[Records contained in a dataset]
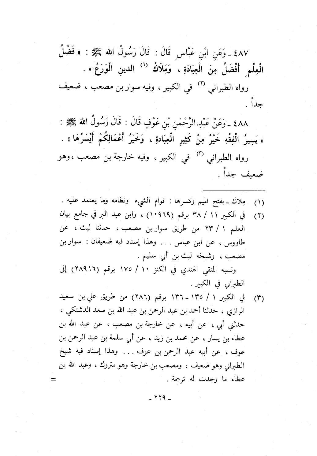 488 - وَعَنْ عَبْدِ الرَّحْمنِ بْنِ عَوْفٍ قَالَ: قَالَ رَسُولُ - صلى الله عليه وسلم -: "يَسِيرُ الْفِقْهِ خَيرٌ مِنْ كَثِيرِ الْعِبَادةِ، وَخَيْرُ أَعْمَالِكُمْ أَيْسَرُهَا".
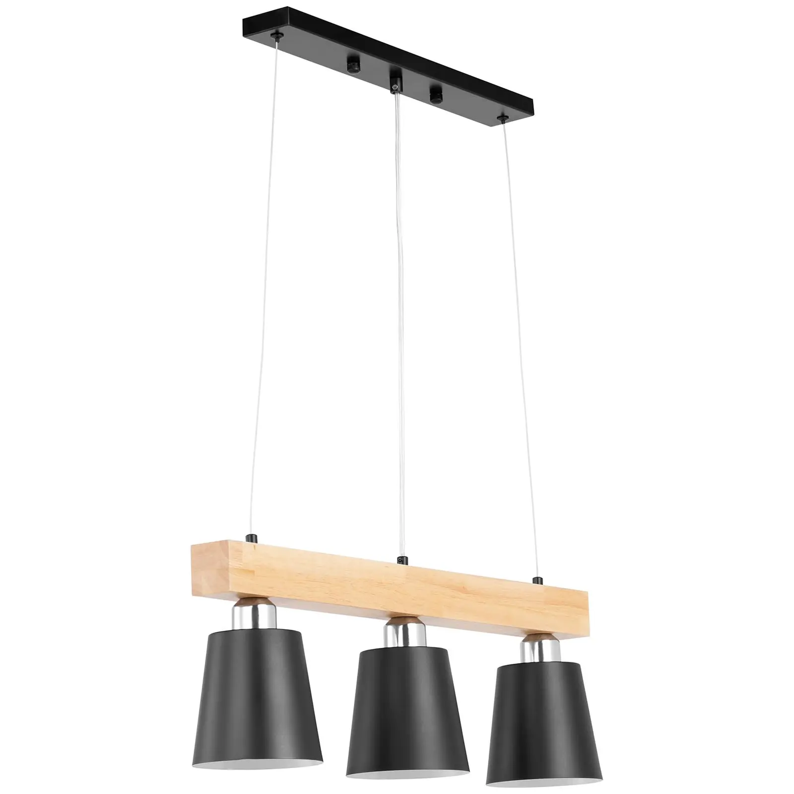 • Elegant - ansamblul format din trei abajururi din fier acoperite cu negru și o grindă subtilă din lemn este mai mult decât o simplă lampă suspendată, este un accent elegant în orice decor.
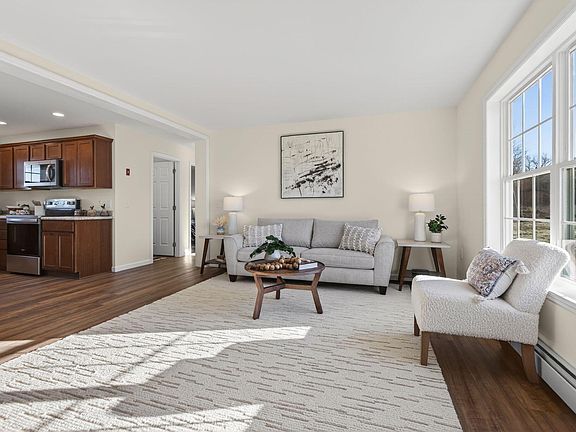 Welcome to this beautifully crafted brand new 3 bedroom, 2 bath home, offering easy one-floor living in a peaceful wooded setting. Inside, you'll find a bright and inviting open concept layout, designed for both everyday comfort and effortless entertaining. The spacious kitchen features warm cabinetry, stainless steel appliances, a center island with seating, and plenty of counter space; ideal for cooking, gathering, and staying connected with the living and dining areas. Natural light fills the space from every angle, highlighting the clean finishes and fresh, modern feel. The primary suite offers its own full bathroom and ample closet space, while two additional bedrooms and a second full bath provide flexibility for guests while offering the split floor layout for added privacy. A dedicated mudroom/laundry area adds to the home's convenience right from the driveway with space to add a garage! Set on a newly established lot surrounded by trees and abutting common subdivision land (that can't be built on), this home delivers privacy with a quiet, country feel; yet you're still close to everyday amenities. Everything here is brand new and ready for you to enjoy from day one. A comfortable, low-maintenance lifestyle is waiting. Move in and make it yours today!
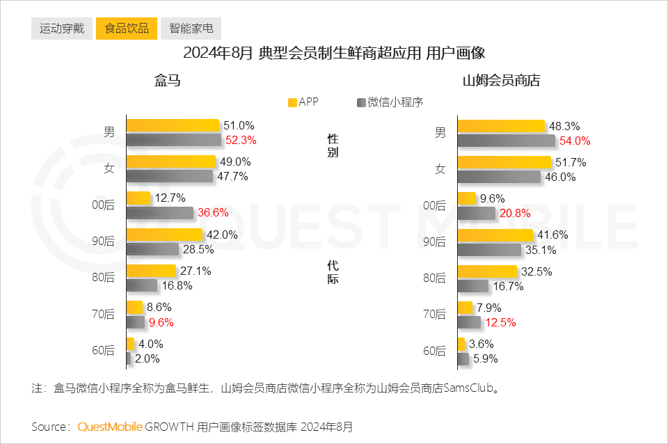 6、微信小程序助力生鲜商超类应用实现更多元人群的覆盖,为盒马和山姆会员商店均带来70后、00后男性的扩充
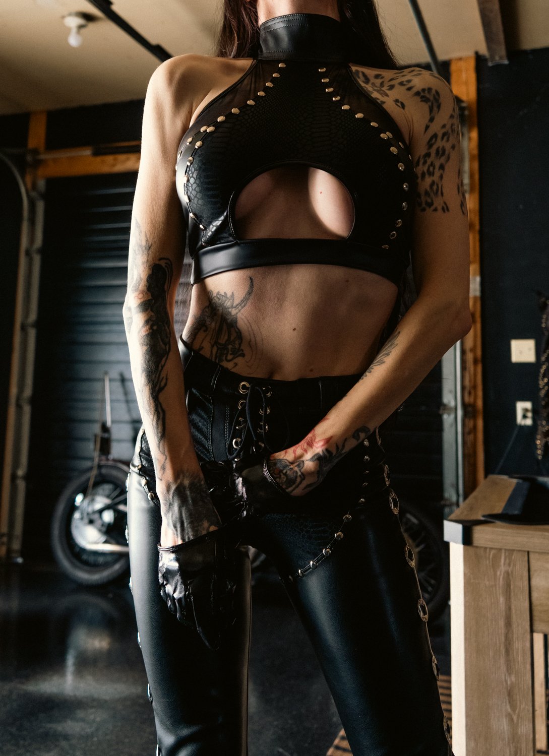Made from scratch out of leopard stretch velvet and black leather look spandex with metal detailing all around.
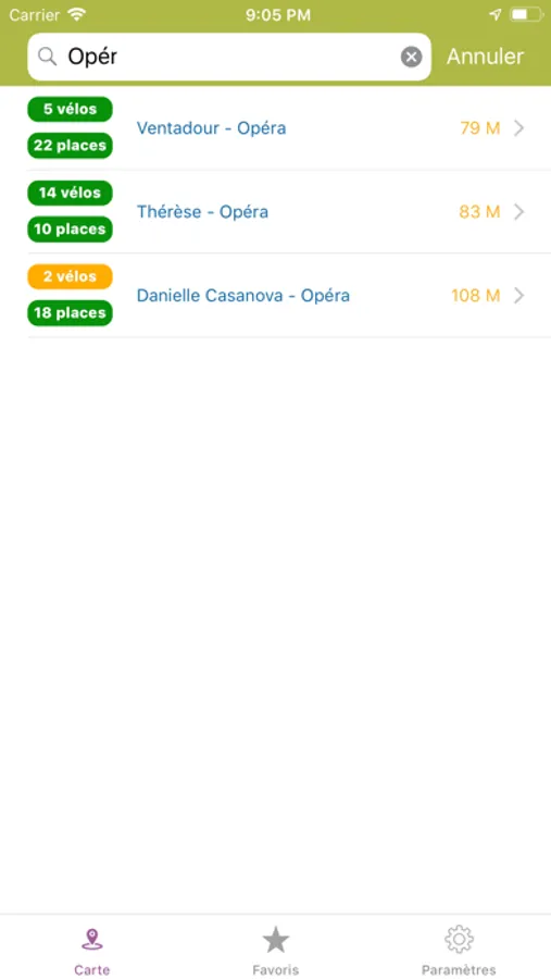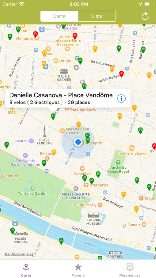 Grâce à la fonction "favoris", vous pourrez garder en mémoire vos stations favorites. Ainsi, vous pourrez consulter en un clic l'état et le stock de la station.
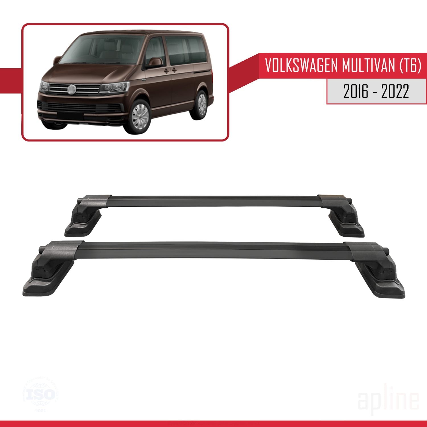 Compatible avec Volkswagen Multivan (T6) 2016-2022 ACE-3 Barres de Toit Railing Porte-Bagages de Voiture Noir Aluminium 2 Barres
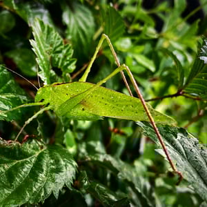 Amblycorypha oblongifolia, commonly known as the oblong-winged katydid, is a species of insect belonging to the family Tettigoniidae. It is found in North America, particularly in the eastern and central regions of the United States. This katydid species is characterized by its oblong-shaped wings, which are longer than its body. It produces a distinctive buzzing sound during its mating calls.
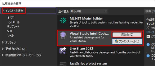 概要 Visual Studio 2022 で表示される「Tab 同意するには」を無効化したい場合は メニューの「拡張機能 > 拡張機能の管理」を押して 「インストール済み」を押して「Visual Studio IntelliCode」の「無効化」を押してから Visual Studio 2022 を再起動する …
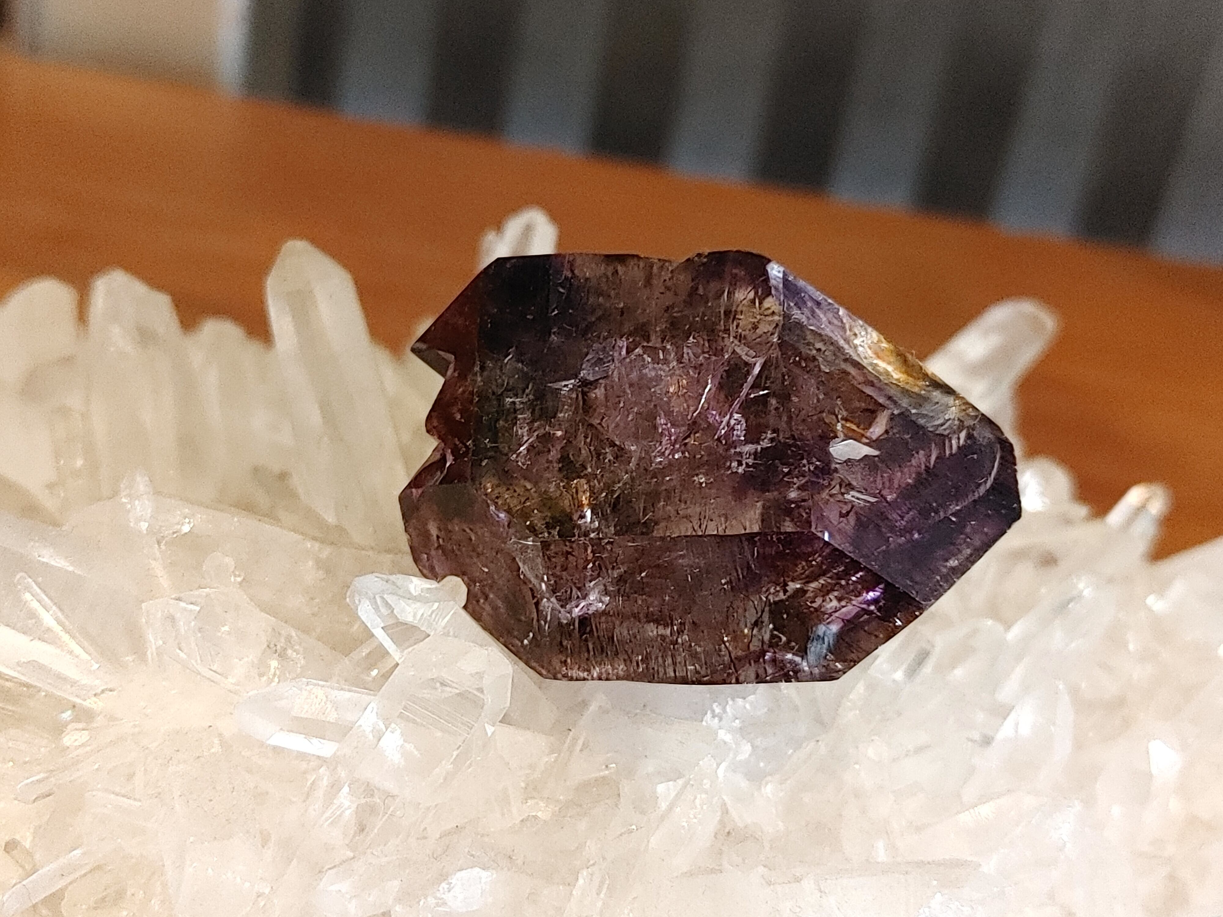 以前書いたことがあるのですが、わたくし出始めの頃のとても美しいスーパーセブンのラフカットを持っていて、ワイヤーラッピングしてもらってペンダントとして愛用していたのですが、「どーしても欲しい」という顧客のしつこい、もとい、熱い要望に負けて手放したことがあります。
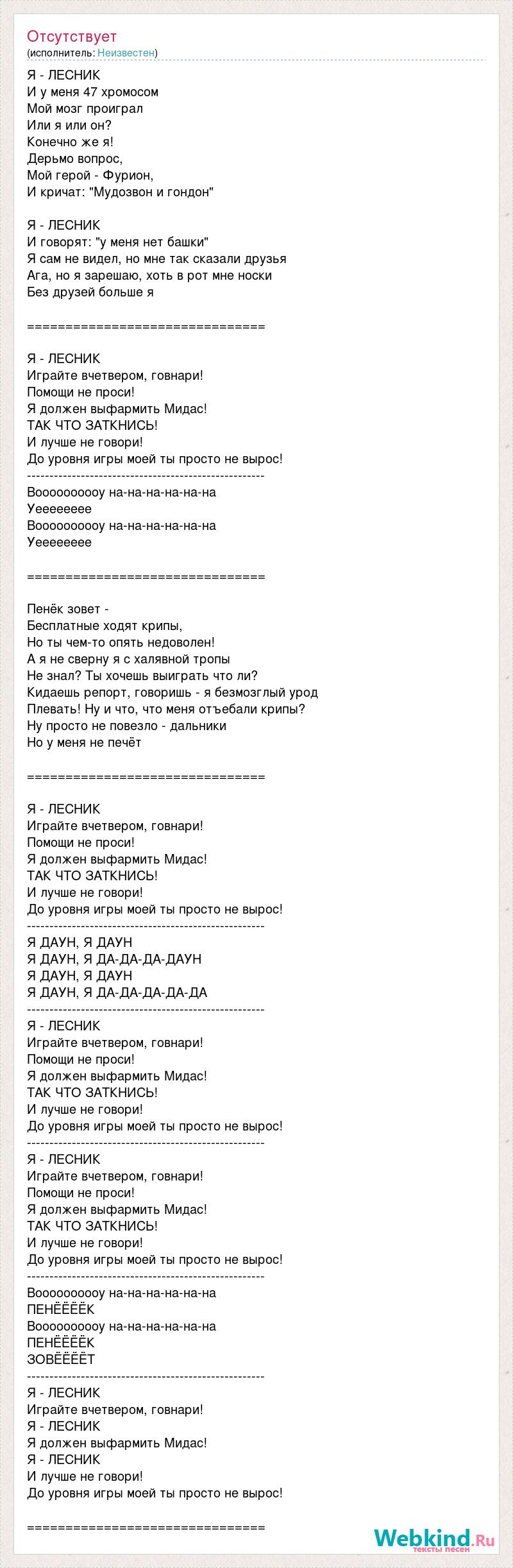 Я - ЛЕСНИК И у меня 47 хромосом Мой мозг проиграл Или я или он? Конечно же я! Дерьмо вопрос, Мой герой - Фурион, И кричат: "Мудозвон и гондон" Я - ЛЕСНИК И говорят: "у меня нет башки" Я сам не видел, но мне так сказали друзья Ага, но я зарешаю, хоть в рот мне носки Без друзей больше я =============================== Я - ЛЕСНИК Играйте вчетвером, говнари! Помощи не проси! Я должен выфармить Мидас! ТАК ЧТО ЗАТКНИСЬ! И лучше не говори! До уровня игры моей ты просто не вырос! ----------------------------------------------------- Воооооооооу на-на-на-на-на-на Уееееееее Воооооооооу на-на-на-на-на-на Уееееееее =============================== Пенёк зовет - Бесплатные ходят крипы, Но ты чем-то опять недоволен! А я не сверну я с халявной тропы Не знал? Ты хочешь выиграть что ли? Кидаешь репорт, говоришь - я безмозглый урод Плевать! Ну и что, что меня отъебали крипы? Ну просто не повезло - дальники Но у меня не печёт =============================== Я - ЛЕСНИК Играйте вчетвером, говнари! Помощи не проси! Я должен выфармить Мидас! ТАК ЧТО ЗАТКНИСЬ! И лучше не говори! До уровня игры моей ты просто не вырос! ----------------------------------------------------- Я ДАУН, Я ДАУН Я ДАУН, Я ДА-ДА-ДА-ДАУН Я ДАУН, Я ДАУН Я ДАУН, Я ДА-ДА-ДА-ДА-ДА ----------------------------------------------------- Я - ЛЕСНИК Играйте вчетвером, говнари! Помощи не проси! Я должен выфармить Мидас! ТАК ЧТО ЗАТКНИСЬ! И лучше не говори! До уровня игры моей ты просто не вырос! ----------------------------------------------------- Я - ЛЕСНИК Играйте вчетвером, говнари! Помощи не проси! Я должен выфармить Мидас! ТАК ЧТО ЗАТКНИСЬ! И лучше не говори! До уровня игры моей ты просто не вырос! ----------------------------------------------------- Воооооооооу на-на-на-на-на-на ПЕНЁЁЁЁК Воооооооооу на-на-на-на-на-на ПЕНЁЁЁЁК ЗОВЁЁЁЁТ ----------------------------------------------------- Я - ЛЕСНИК Играйте вчетвером, говнари! Я - ЛЕСНИК Я должен выфармить Мидас! Я - ЛЕСНИК И лучше не говори! До уровня игры моей ты просто не вырос! ===============================
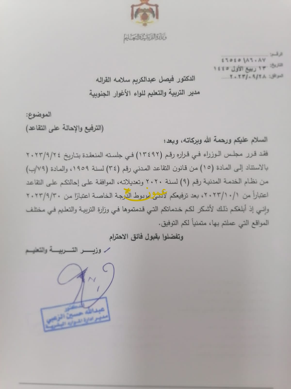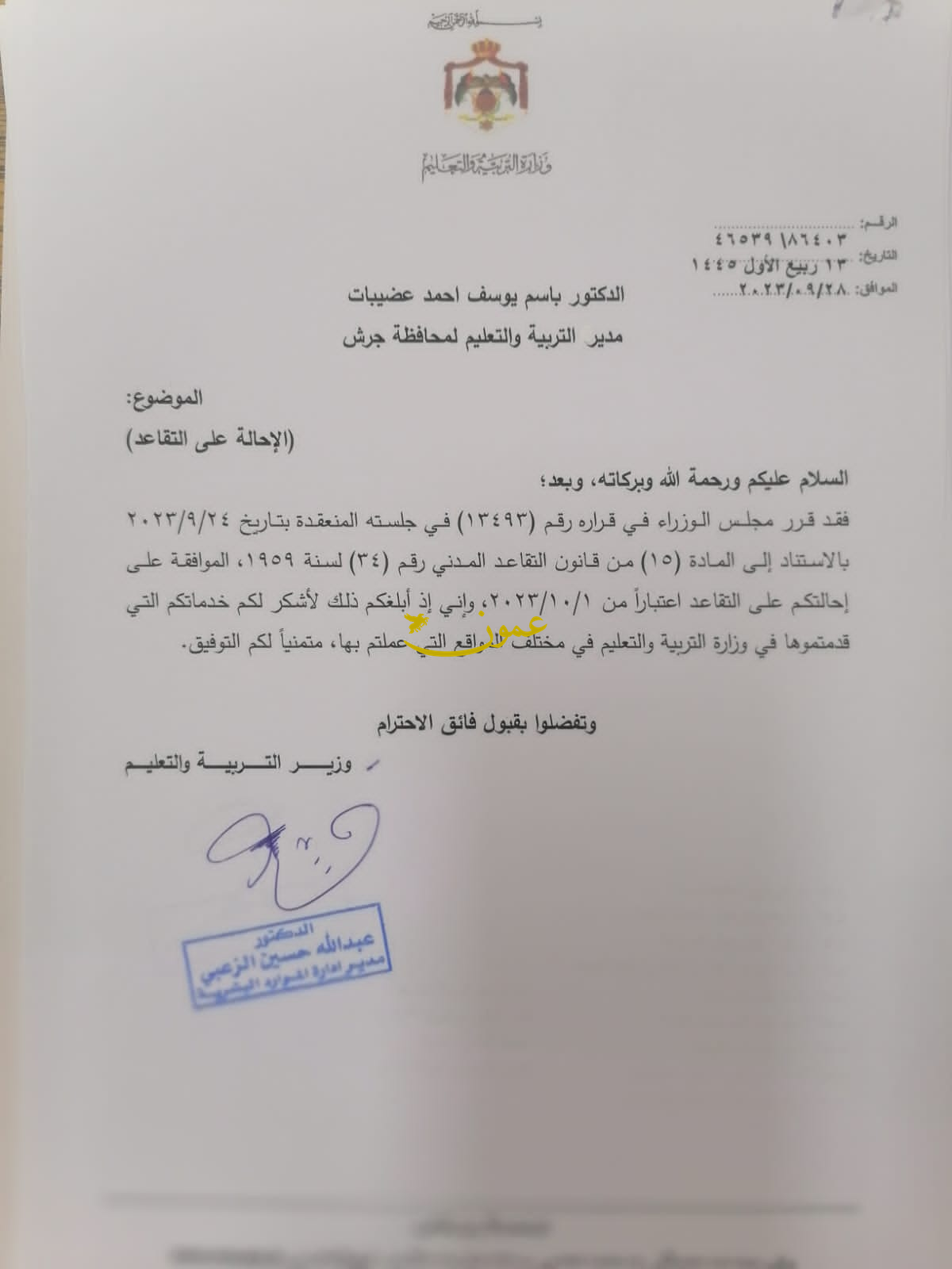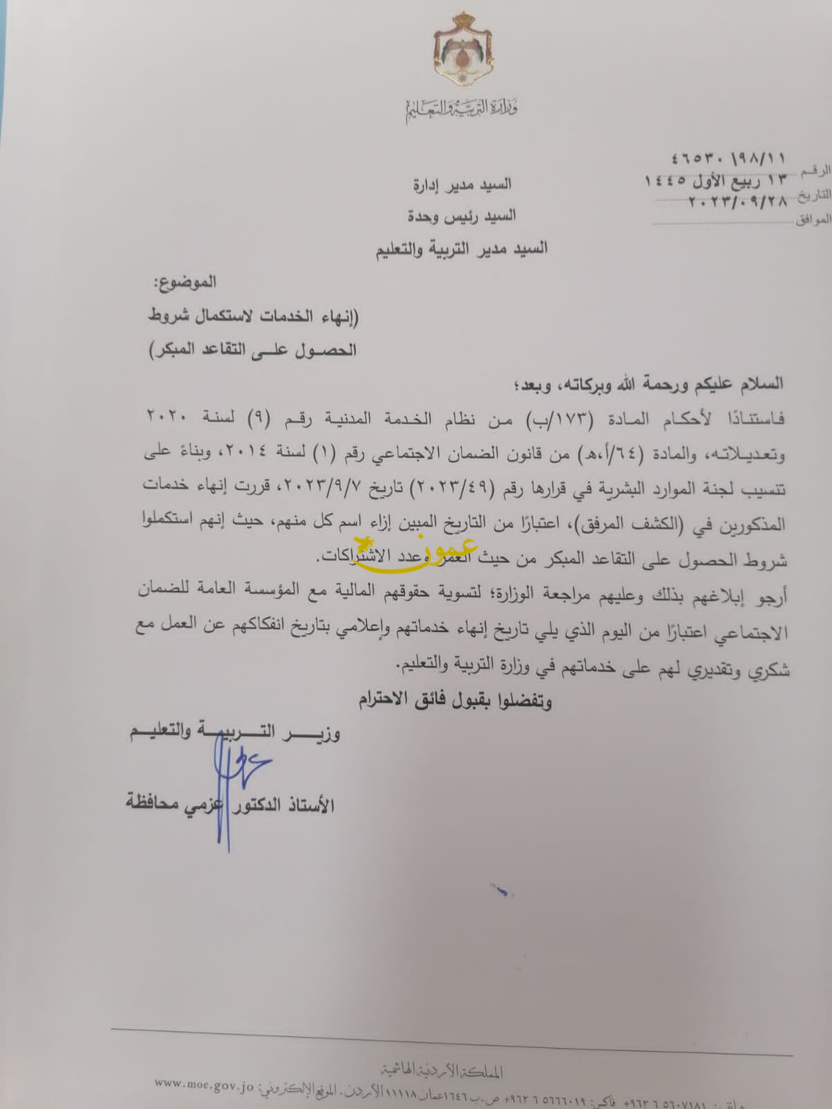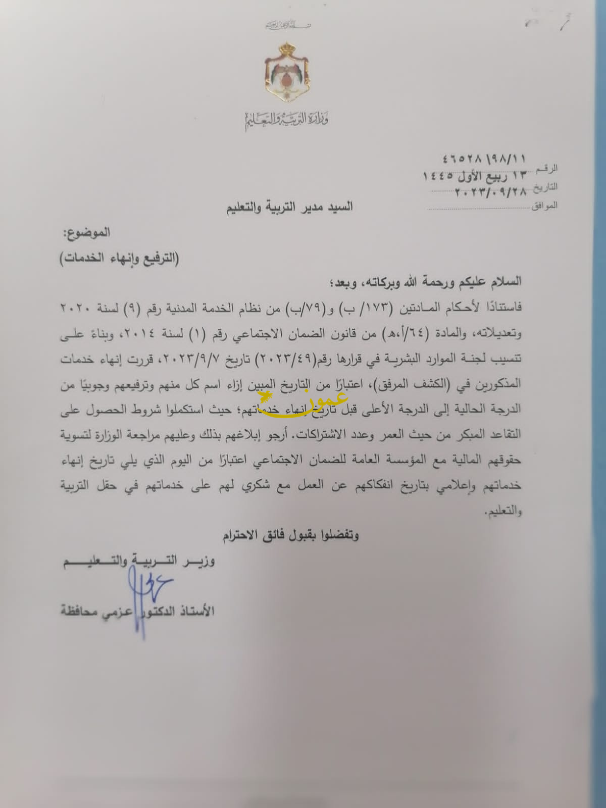 عمون - ينال المعاني - قرر مجلس الوزراء إحالة موظفين في وزارة التربية والتعليم إلى التقاعد.

[PROBLEM] Exactly the lines above, from the one containing "în orice decor." down to the one containing "Amblycorypha oblongifolia, commonly", are to be repeated, including both ends. Pictures are not part of the copy.

[RESULT OF THE EXERCISE]
 • Elegant - ansamblul format din trei abajururi din fier acoperite cu negru și o grindă subtilă din lemn este mai mult decât o simplă lampă suspendată, este un accent elegant în orice decor.
 Welcome to this beautifully crafted brand new 3 bedroom, 2 bath home, offering easy one-floor living in a peaceful wooded setting. Inside, you'll find a bright and inviting open concept layout, designed for both everyday comfort and effortless entertaining. The spacious kitchen features warm cabinetry, stainless steel appliances, a center island with seating, and plenty of counter space; ideal for cooking, gathering, and staying connected with the living and dining areas. Natural light fills the space from every angle, highlighting the clean finishes and fresh, modern feel. The primary suite offers its own full bathroom and ample closet space, while two additional bedrooms and a second full bath provide flexibility for guests while offering the split floor layout for added privacy. A dedicated mudroom/laundry area adds to the home's convenience right from the driveway with space to add a garage! Set on a newly established lot surrounded by trees and abutting common subdivision land (that can't be built on), this home delivers privacy with a quiet, country feel; yet you're still close to everyday amenities. Everything here is brand new and ready for you to enjoy from day one. A comfortable, low-maintenance lifestyle is waiting. Move in and make it yours today!
 6、微信小程序助力生鲜商超类应用实现更多元人群的覆盖,为盒马和山姆会员商店均带来70后、00后男性的扩充
Made from scratch out of leopard stretch velvet and black leather look spandex with metal detailing all around.
 Grâce à la fonction "favoris", vous pourrez garder en mémoire vos stations favorites. Ainsi, vous pourrez consulter en un clic l'état et le stock de la station.
 Compatible avec Volkswagen Multivan (T6) 2016-2022 ACE-3 Barres de Toit Railing Porte-Bagages de Voiture Noir Aluminium 2 Barres
 Amblycorypha oblongifolia, commonly known as the oblong-winged katydid, is a species of insect belonging to the family Tettigoniidae. It is found in North America, particularly in the eastern and central regions of the United States. This katydid species is characterized by its oblong-shaped wings, which are longer than its body. It produces a distinctive buzzing sound during its mating calls.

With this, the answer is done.